- Dataset content
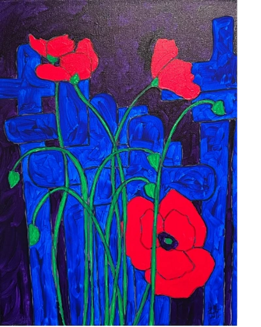 This painting takes primary colors to the next level as bright red poppies grow amid a collection of bold blue crosses.
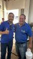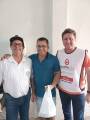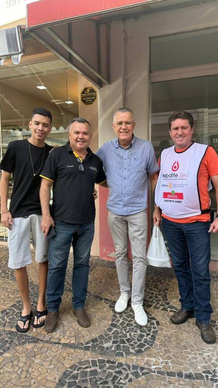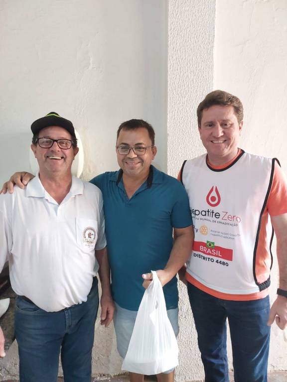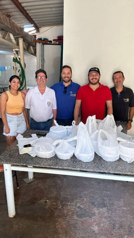 Na foto observamos um espaço fechado com paredes amarelo claro, com cinco homens posicionados para frente, todos sorrindo, vestindo da esquerda para a direita, camiseta com gola polo vermelha, camiseta branca da campanha Hepatite Zero Distrito 4480, camisetas com gola polo branca, azul e logo colorida do Rotary, preta com o logo colorido do Rotary. Na frente deles muitas sacolas brancas, que estão com as marmitas de feijoada dentro.
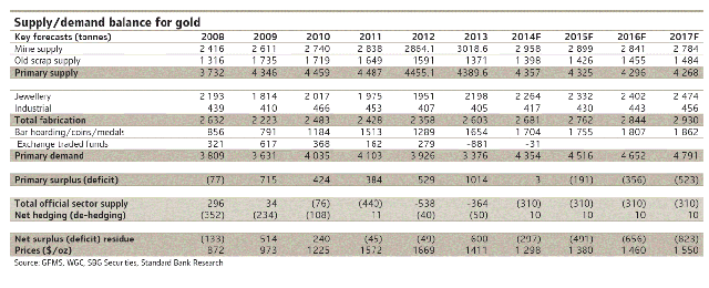 主なゴールドの需要元は2012年よりも少ないが2013年よりはまし。

- Work task
Reproduce the data above exactly, leaving each picture out.

- Exercise answer
 This painting takes primary colors to the next level as bright red poppies grow amid a collection of bold blue crosses.
 Na foto observamos um espaço fechado com paredes amarelo claro, com cinco homens posicionados para frente, todos sorrindo, vestindo da esquerda para a direita, camiseta com gola polo vermelha, camiseta branca da campanha Hepatite Zero Distrito 4480, camisetas com gola polo branca, azul e logo colorida do Rotary, preta com o logo colorido do Rotary. Na frente deles muitas sacolas brancas, que estão com as marmitas de feijoada dentro.
 主なゴールドの需要元は2012年よりも少ないが2013年よりはまし。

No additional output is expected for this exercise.